- _Stored data_

==========

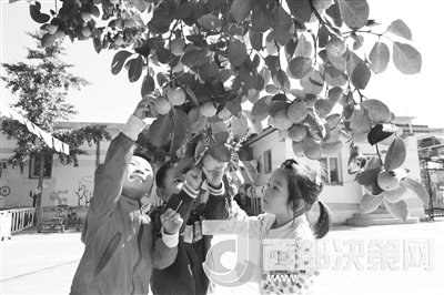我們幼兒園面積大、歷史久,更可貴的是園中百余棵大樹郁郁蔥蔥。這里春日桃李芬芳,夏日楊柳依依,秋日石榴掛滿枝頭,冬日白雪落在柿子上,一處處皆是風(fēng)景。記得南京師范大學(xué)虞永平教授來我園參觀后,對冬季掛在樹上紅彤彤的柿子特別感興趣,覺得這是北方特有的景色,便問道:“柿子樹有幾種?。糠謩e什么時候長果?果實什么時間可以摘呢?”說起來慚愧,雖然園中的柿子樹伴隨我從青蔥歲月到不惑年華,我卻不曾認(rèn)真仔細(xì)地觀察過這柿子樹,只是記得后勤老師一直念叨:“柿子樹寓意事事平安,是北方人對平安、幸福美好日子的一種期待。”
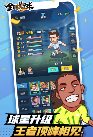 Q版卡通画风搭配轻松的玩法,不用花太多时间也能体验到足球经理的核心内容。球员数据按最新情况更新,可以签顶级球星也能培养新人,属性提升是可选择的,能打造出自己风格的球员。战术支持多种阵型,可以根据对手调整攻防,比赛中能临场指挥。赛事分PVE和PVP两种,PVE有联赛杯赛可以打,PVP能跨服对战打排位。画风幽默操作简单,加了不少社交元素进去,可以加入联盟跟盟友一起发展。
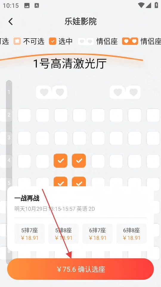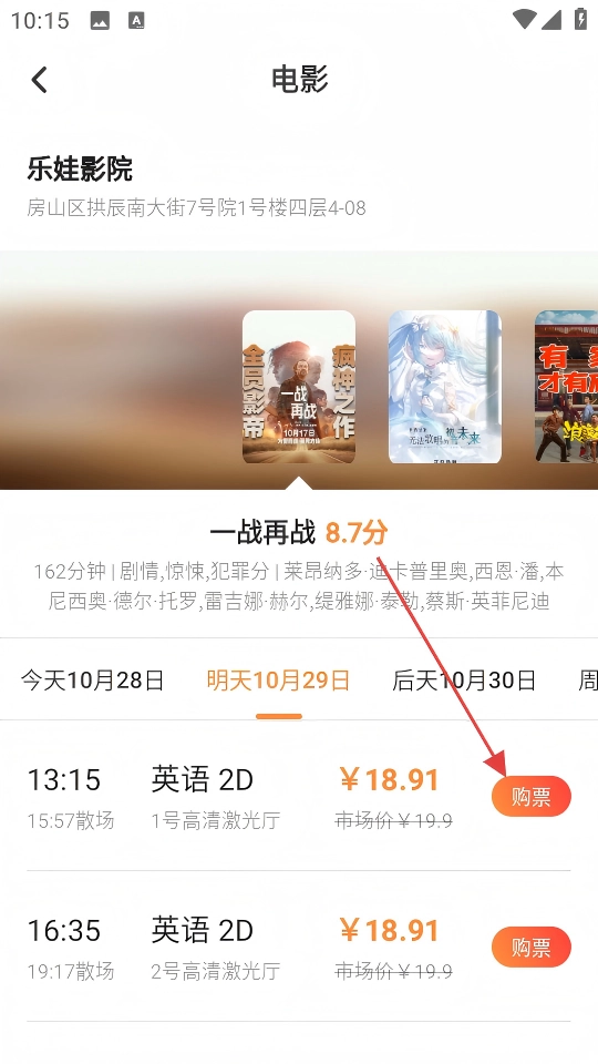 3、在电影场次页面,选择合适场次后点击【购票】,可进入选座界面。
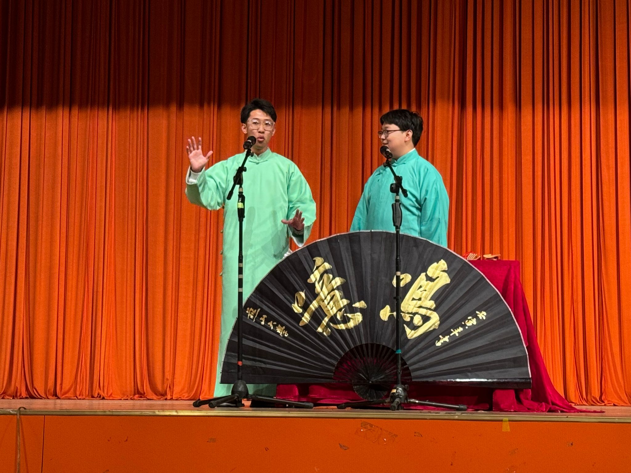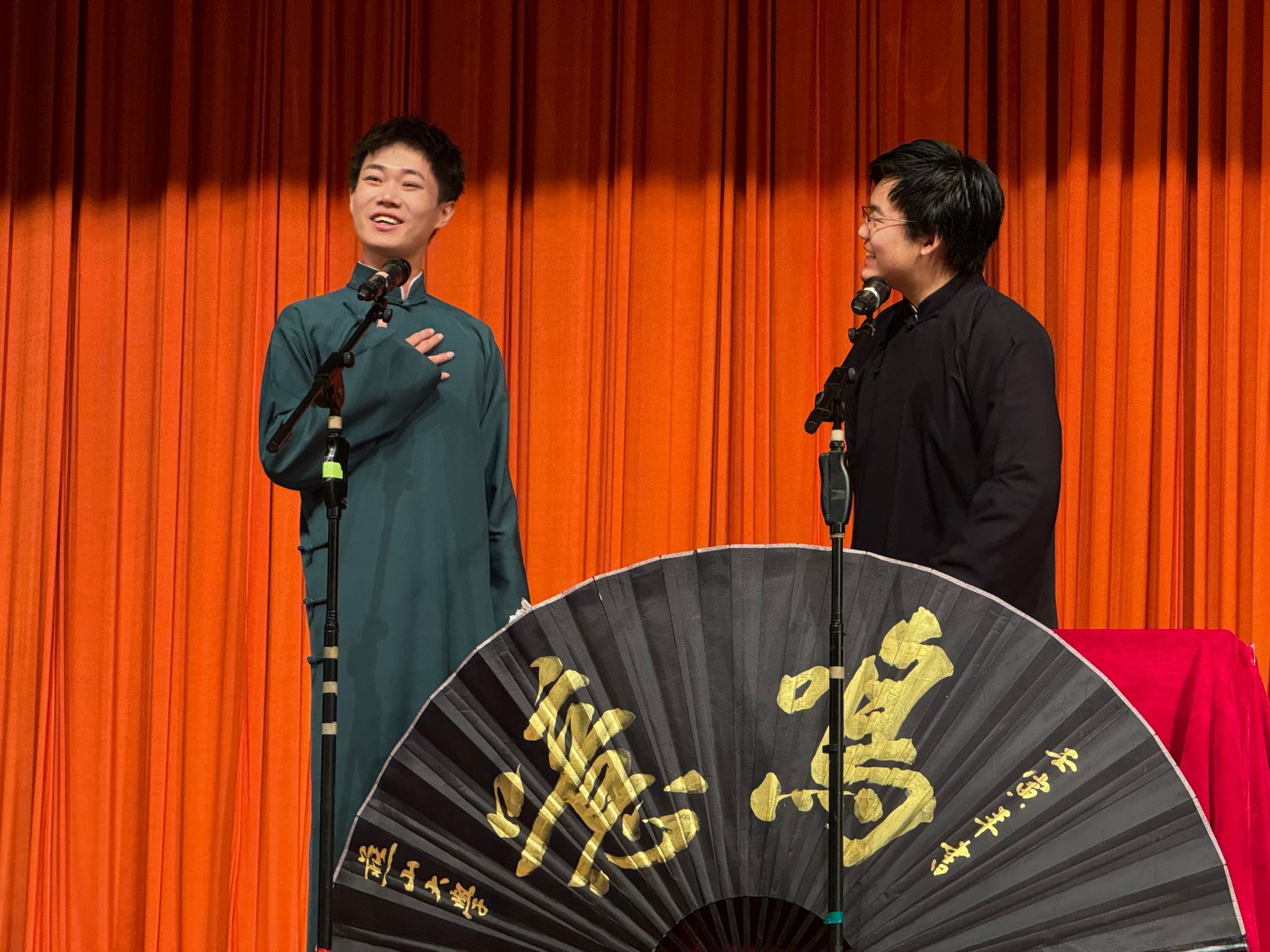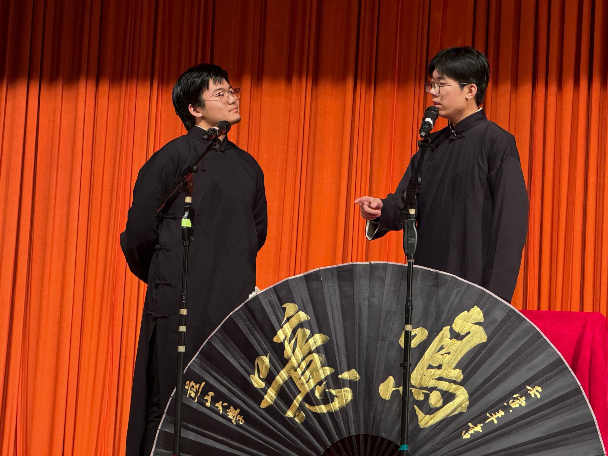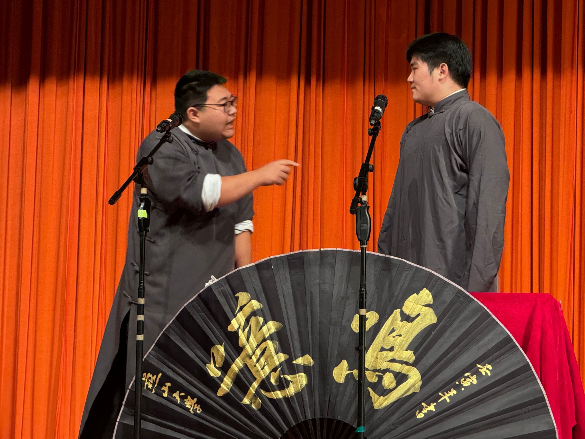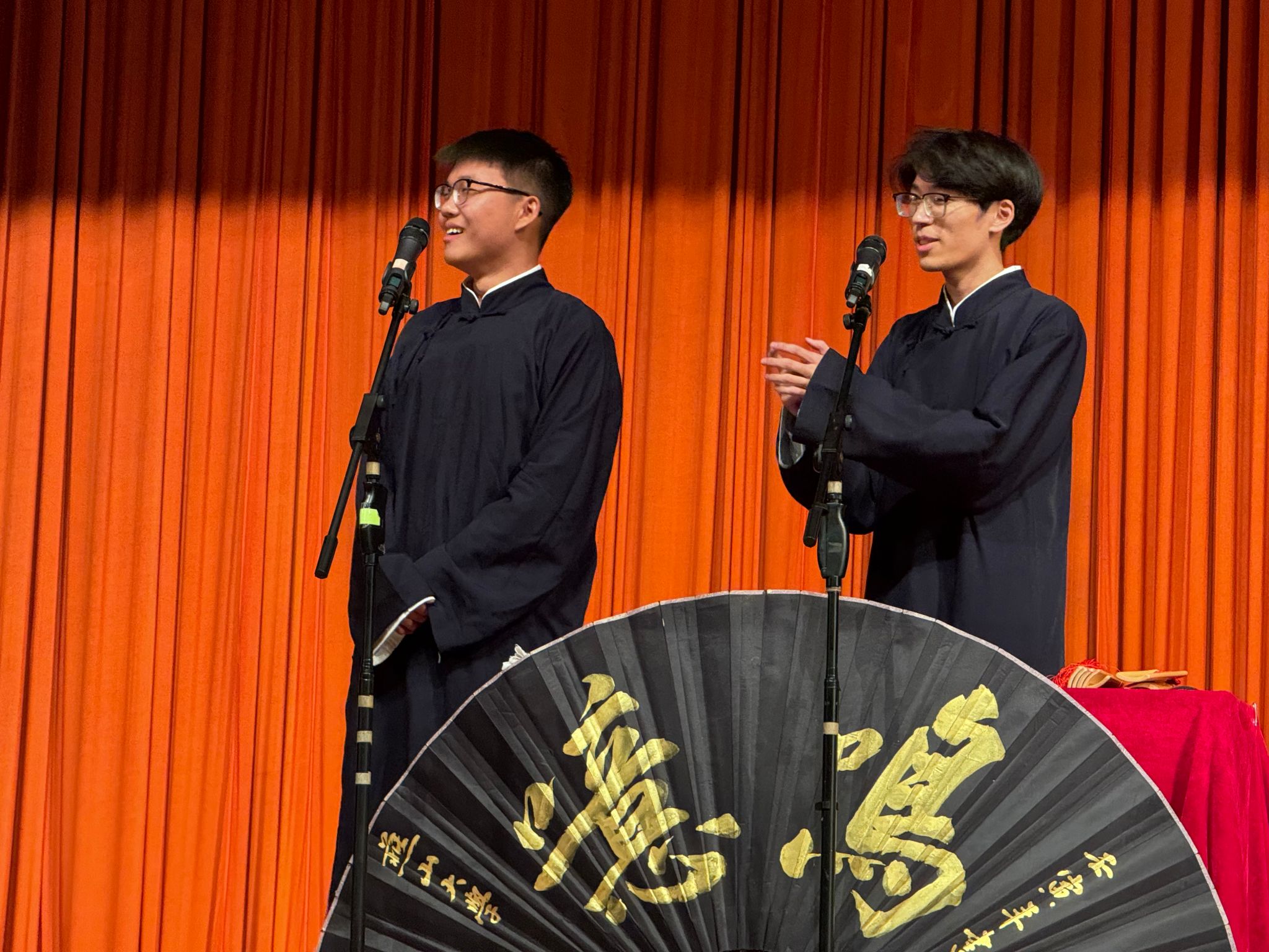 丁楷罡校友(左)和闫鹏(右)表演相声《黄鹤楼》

==========

- _Your objective_
Please write out the lines above exactly, from the one that contains "3、在电影场次页面,选择合适场次后点击【购票】,可进入选座界面。" through the final line, and include none of the pictures.

- _Result of this exercise_
 3、在电影场次页面,选择合适场次后点击【购票】,可进入选座界面。
 丁楷罡校友(左)和闫鹏(右)表演相声《黄鹤楼》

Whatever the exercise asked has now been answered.